Le laboratoire a donc cherché à transposer ce résultat à la formation d’un hétérocycle passant par un carbocation, et ainsi à remplacer l’utilisation de métaux nobles par celle du fer. Plusieurs essais ont été réalisés pour cette hétérocyclisation, de façon à optimiser les conditions opératoires.

Catalyseur Temps Rendement Proportions cis/trans
FeCl3, 6 H2O 2 h 66 % 97:3
InCl3 48 h 76 % 92:8
TiCl4 96 h 96 % 76:24
HCl 24 h 0 % -

 

La réaction utilisant FeCl3, 6 H2O présente un rendement correct assorti d’un temps de réaction court et d’une très bonne diastéréosélectivité. Une étude cinétique de cette réaction a été menée.

Le suivi cinétique de la réaction montre qu’en début de réaction, les diastéréoisomères cis et trans sont formés en proportions voisines.

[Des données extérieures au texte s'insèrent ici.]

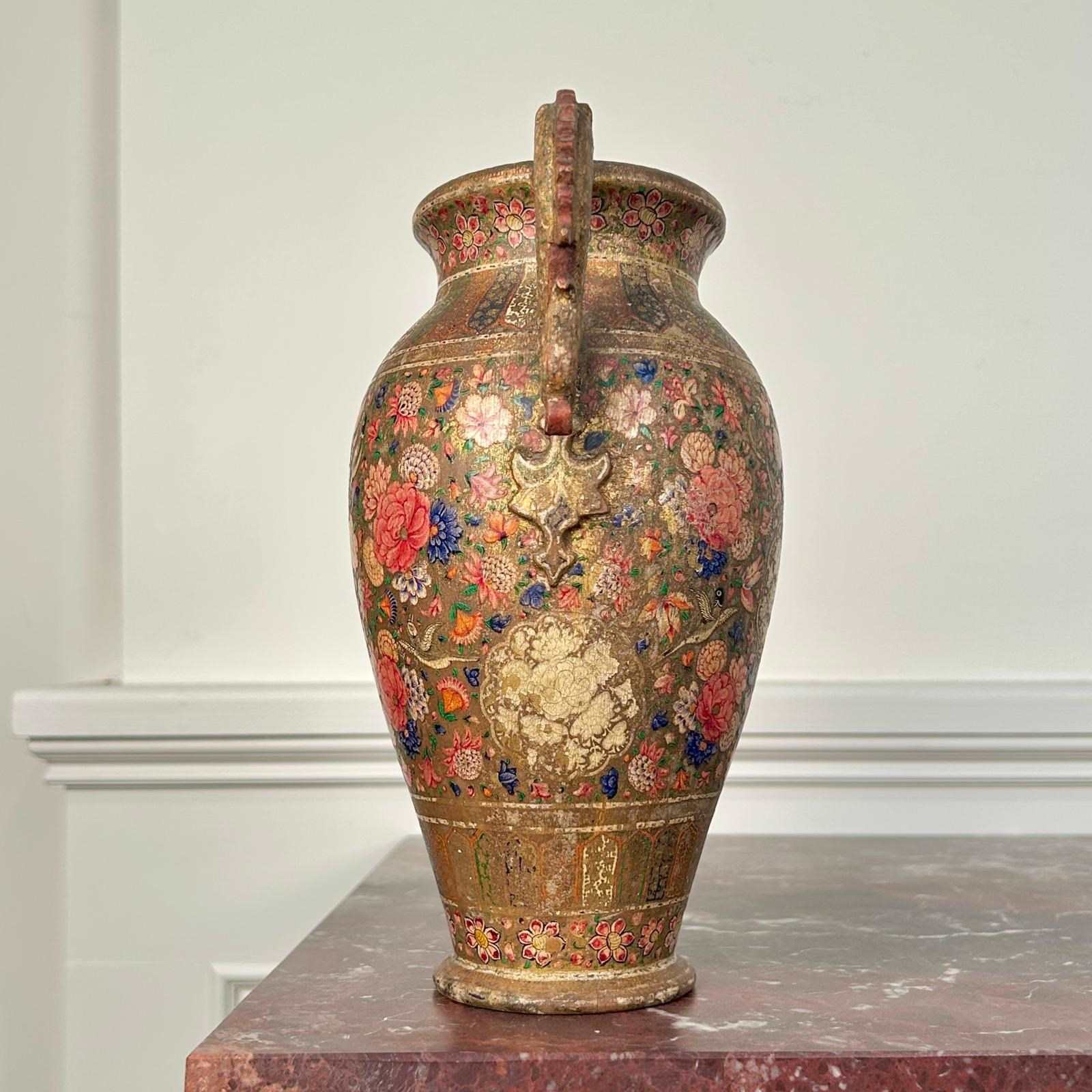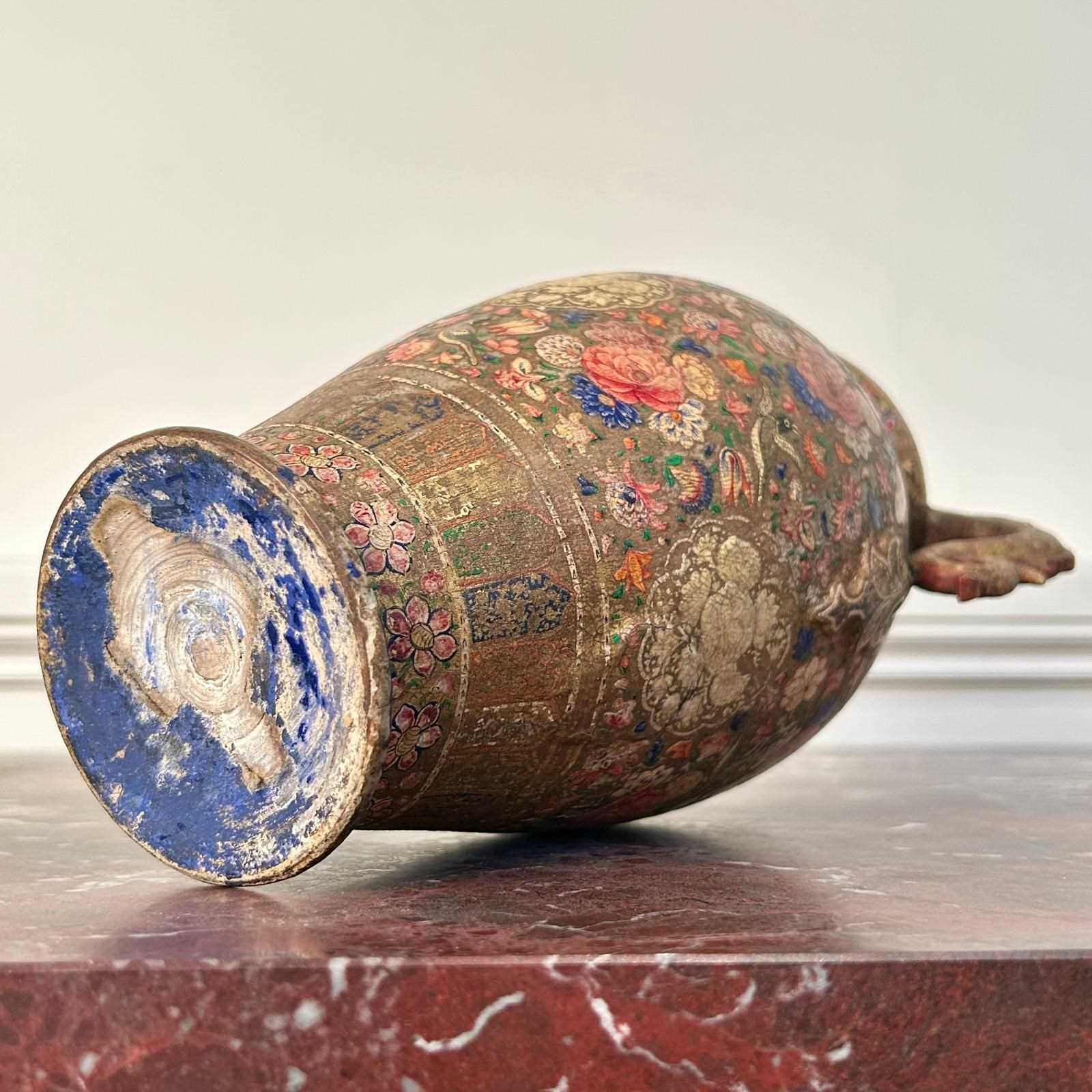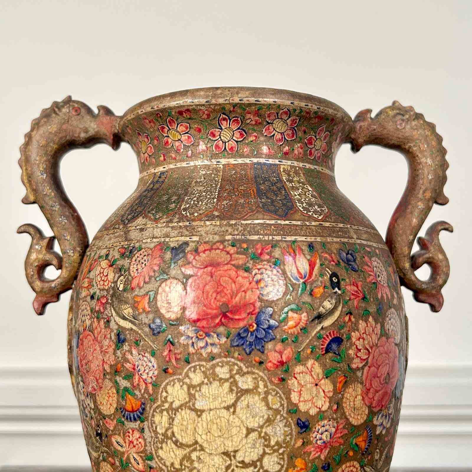 A beautiful late 19th century Kashmiri vase with lovely Seahorse handles. Retaining the original hand painted decoration depicting flowers and birds. Indian, Circa 1890.
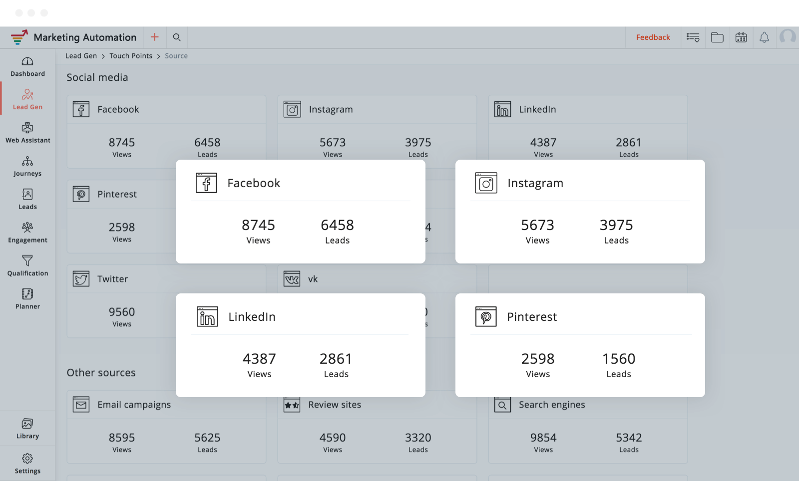 从电子邮件营销活动到网站,对线索进行跟踪,了解他们如何在网页上互动,根据他们的兴趣进行分组。通过触点,可以查看网站中哪些 URL 获得更多访问,哪些渠道获得线索最多等。
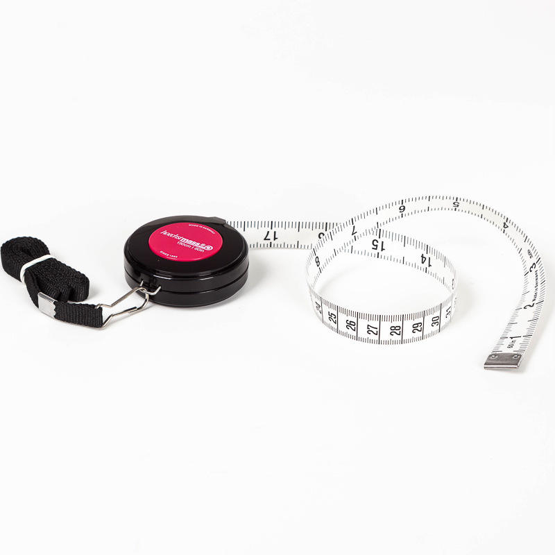 เทปวัดตัวแบบม้วนกลับอัตโนมัติ Techman & Co ขนาด 3 เมตร แบบเมตริก พร้อมใบมีดพลาสติกแบบล็อคอัตโนมัติ และปลายแบบตะขอ สำหรับวัดรอบเอวเสื้อผ้า
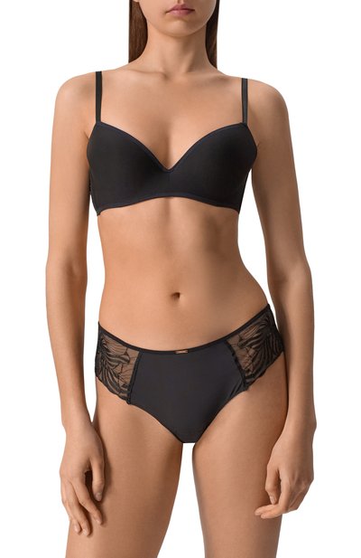 Для пошива серого меланжевого бюстгальтера с мягкими треугольными чашечками мастера марки использовали нежный материал на основе дышащего модала и прочного эластана. Цвет черных регулируемых бретелей поддерживает широкий пояс, украшенный спереди логотипом бренда.
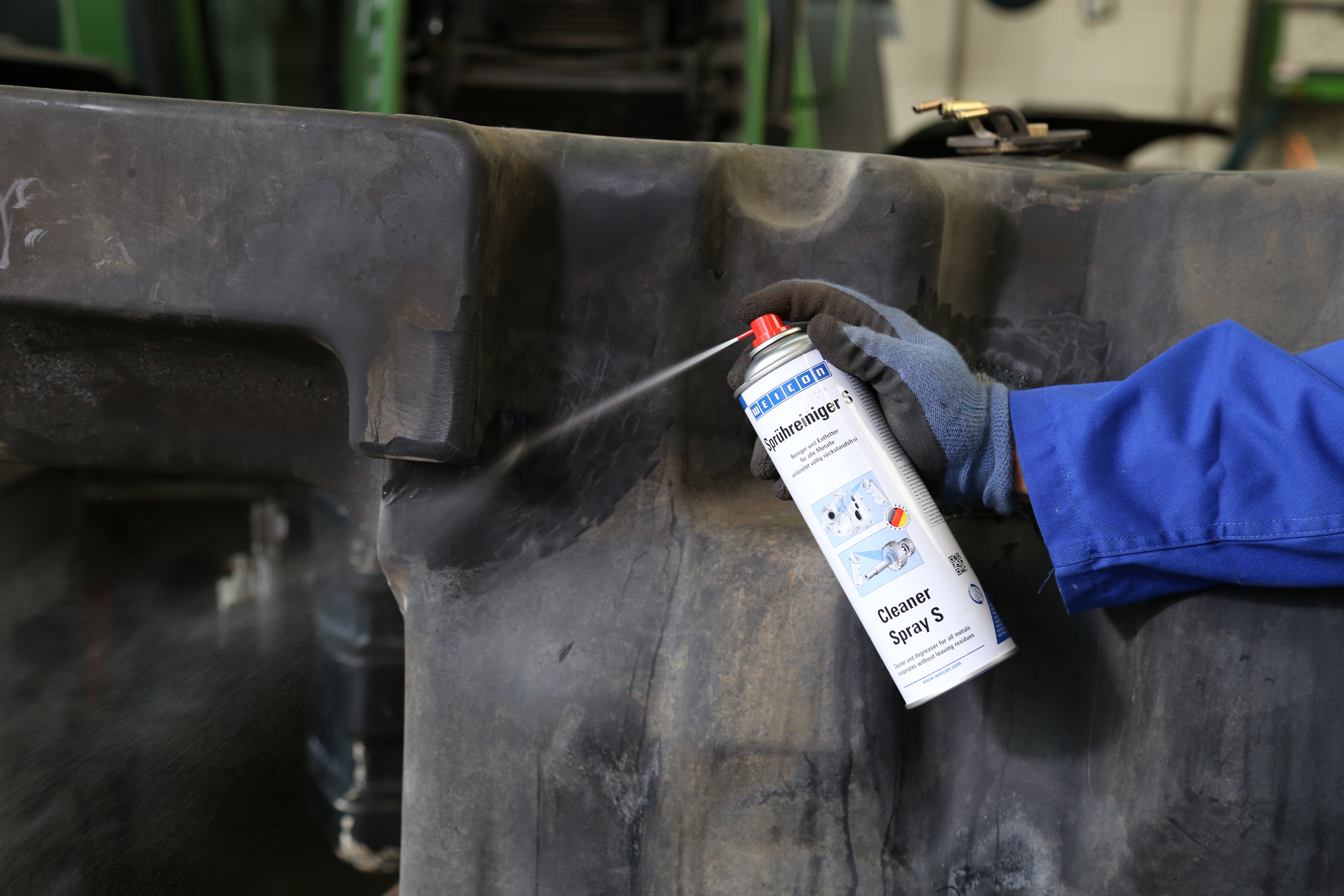 WEICON Cleaner Spray S removes oily and greasy soiling from all metals as well as from ceramics, glass and most plastics. It can, however, attack the surface of thermoplastics such as PVC, Plexiglas, polystyrene and single layers of paint. WEICON Cleaner S evaporates quickly and, in contrast to conventional thinners, without leaving residues. It can be used for cleaning and degreasing before priming and painting, for cleaning machine parts, or before other WEICON products are applied to surfaces where a greasy underground would impair their effect.

Ce n’est qu’au fur et à mesure que la sélectivité apparaît : au bout de 110 minutes environ, le mélange contient 97 % de composé cis et 3 % de composé trans.

 

On observe donc qu’en plaçant la réaction sous contrôle thermodynamique (durée de réaction suffisamment longue), le composé cis, plus stable que le composé trans, est obtenu majoritairement.

Le mécanisme met bien sûr en jeu l’acidité de Lewis du chlorure de fer (III) et passe par un intermédiaire zwiterrionique. L'équilibre chimique qui existe entre les composés cis, trans et l'intermédiaire zwiterrionique permet l'obtention, au bout d'un temps suffisamment long, du composé le plus stable, à savoir le composé cis.

L’optimisation des conditions opératoires réalisée sur la réaction précédente a permis de synthétiser un grand nombre de tétrahydropyranes, en collaboration avec la société JANSSEN. Les rendements obtenus sont très bons, de même que la diastéréosélectivité.

Sources: Cossy et al. Org. Lett. 2010, 12, 1808; Cossy et al. Tetrahedron 2011, 67, 5024.

 

La méthodologie développée a pu être appliquée à la synthèse d’autres hétérocycles comme des pipéridines, des isoxazolidines ou des pyrrolidines.

Source: J. Cornil, L. Gonnard, C. Bensoussan, A. Serra-Muns, C. Gnamm, C. Commandeur, M. Commandeur, S. Reymond, A. Guérinot, J. Cossy Acc. Chem. Res. 2015, 48, 761.

 

En conclusion, les résultats présentés dans cet article montrent que le fer permet de catalyser efficacement des réactions de couplage croisé et d'hétérocyclisation. Il s'avère, en outre, que le fer permet également de catalyser des oxydations et des hydrogénations, d'où un large panel de réactions possibles pour le chimiste, utilisant un métal abondant et peu cher. La catalyse à base de fer a de beaux jours devant elle!